Jak informuje Izabella Bołtruczuk, Podlaski Narodowy Fundusz Zdrowia zawarł następną umowę z laboratorium, które bezpłatnie wykonuje testy dla pacjentów na obecność COVID-19. To szósta placówka w regionie, która zajmuję się takimi badaniami.
Na samym początku pandemii SARS-CoV-2, istniała konieczność, by wymazy pacjentów z województwa podlaskiego wożone były do Warszawy czy Olsztyna. Jednakże od jakiegoś czasu, takie badania wykonują laboratoria w Łomży, Białymstoku oraz Suwałkach.
Dokładnie pięć laboratoriów podpisane ma umowy z Podlaskim Narodowym Funduszem Zdrowia. Są to:
- Regionalne Centrum Krwiodawstwa i Krwiolecznictwa w Białymstoku, które testy wykonuje w swoim laboratorium przy Szpitalu Wojewódzkim im. Kardynała Stefana Wyszyńskiego w Łomży
- Uniwersytecki Szpital Kliniczny w Białymstoku
- Akademicki Ośrodek Diagnostyki Patomorfologicznej i Genetyczno-Molekularnej w Białymstoku
- Uniwersytecki Dziecięcy Szpital Kliniczny im. L. Zamenhofa w Białymstoku
- Szpital Wojewódzki w Suwałkach
Jak już wiemy, szóstym miejscem w regionie, w którym wykonywane będą testy na obecność koronawirusa jest Wojewódzka Stacja Sanitarno - Epidemiologiczna w Białymstoku. Podlaski sanepid finansuje je w ramach własnej działalności.

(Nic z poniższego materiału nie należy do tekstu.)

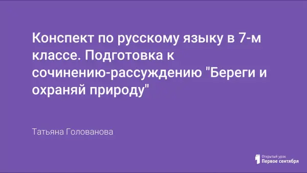 Урок посвящён подготовке к сочинению-рассуждению на публицистическую тему “Береги и охраняй природу”. Основные цели урока — обучение учащихся отбору и систематизации материала, построению высказывания на основе него, установлению логической последовательности частей текста и выбору языковых средств для их связи.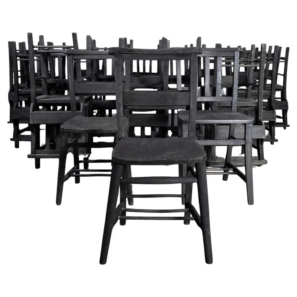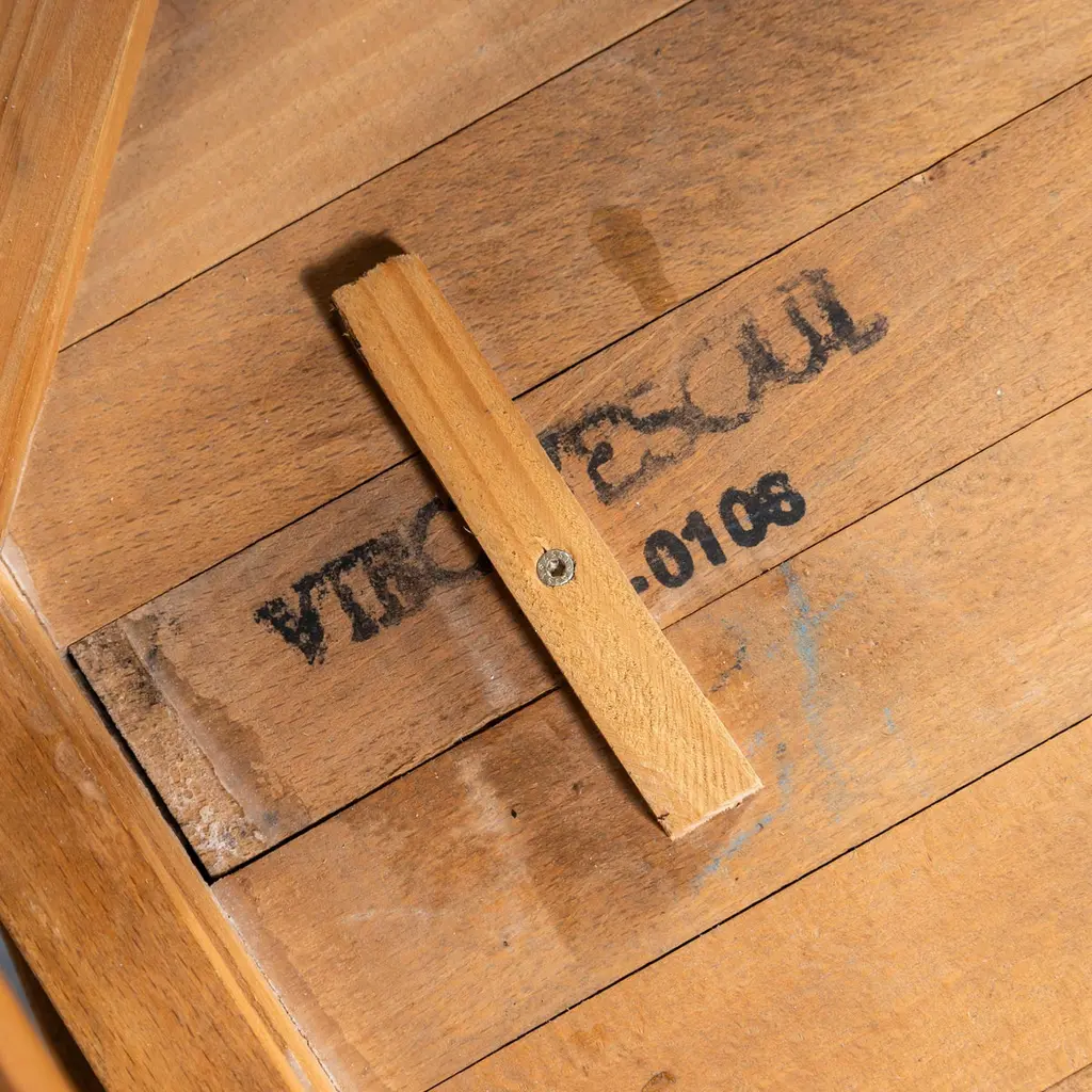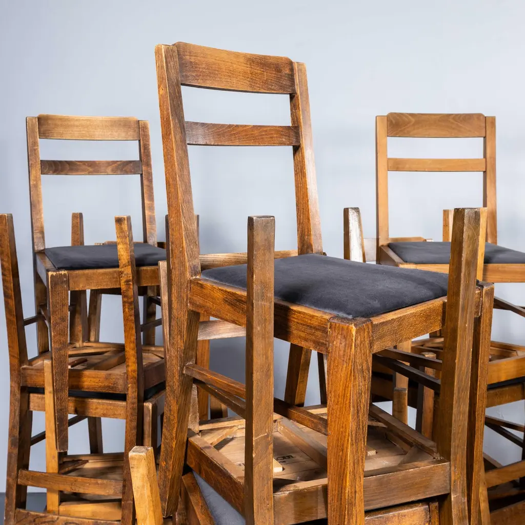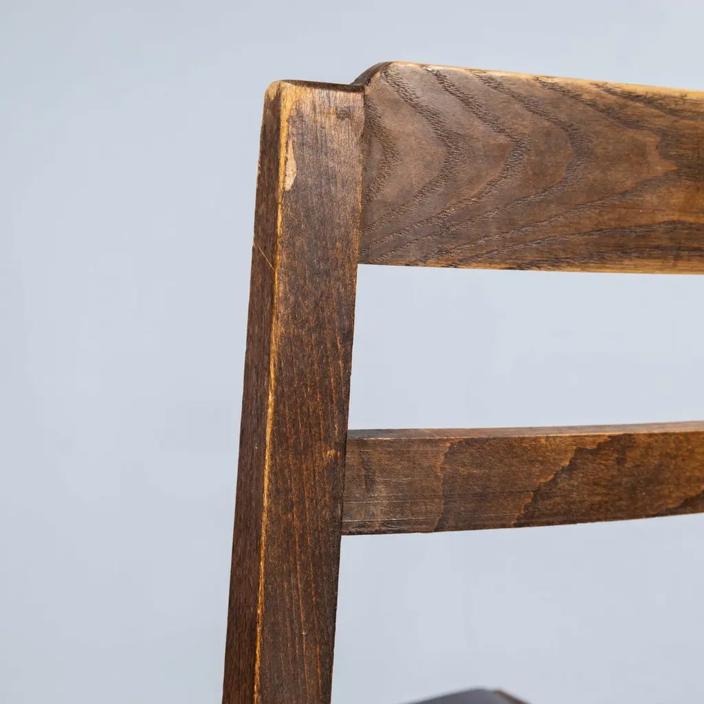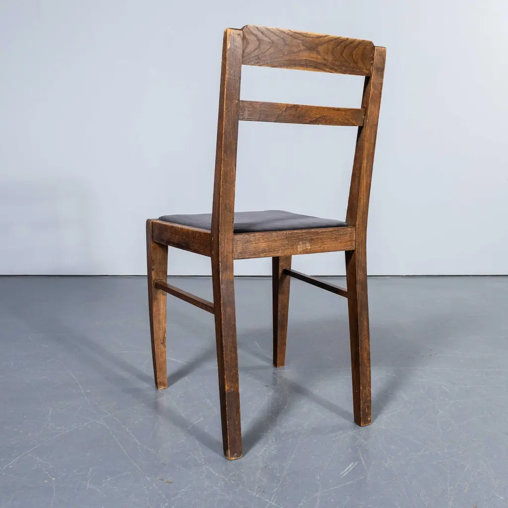 1950's French Upholstered Chairs By Vibo Vesoul - Good Quantities Available. A very unusual find for us we sourced these from a college library in central France. Vibo Vesoul was a niche French workshop best known for its work with the French designers Adrien Audoux and Frida Minet. These chairs are very much inspired by the arts and crafts movement with confident angles and the stepped back rail. Made in solid oak they have been rejuvenated on our workshop where we also reupholstered them. The listing is for one chair but we have a number available. Seat height 46 cm.Workshop Report:Our workshop team inspect every product and carry out any needed repairs to ensure that everything leaves us serviced and maintained ready for many more years of life. All of our vintage products show the rich beauty and history of their life with the knocks and bumps of many years of use and we try to minimise restoration to keep every piece as original as possible.Date:1950'sMaker:Handmade – FranceDimensions:40cm(w) x 43cm(l) x 81cm(h)

- Są to testy wymazowe, wykonywane dokładną metodą RT-PCR, która wykrywa obecność materiału genetycznego wirusa SARS-CoV-2. – mówi Maciej Bogdan Olesiński dyrektor Podlaskiego NFZ.
Warto zaznaczyć, że laboratoria mają 24 godziny na wykonanie badania, przekazanie wyniku i wpisanie informacji o wyniku testu do specjalnego systemu informatycznego, dzięki czemu osoby z kwarantanny, czy pacjenci oczekujący na wyjazd do sanatorium mogą szybko go poznać.
- Wcześniej szpitale zlecały wykonanie testu podwykonawcom a obecnie, dzięki umowom z Podlaskim NFZ, mają możliwość rozliczać się bezpośrednio z nami i zarabiać dodatkowe pieniądze. Za wykonanie jednego testu NFZ płaci laboratorium 280 zł - dodaje Maciej Bogdan Olesiński dyrektor Podlaskiego NFZ.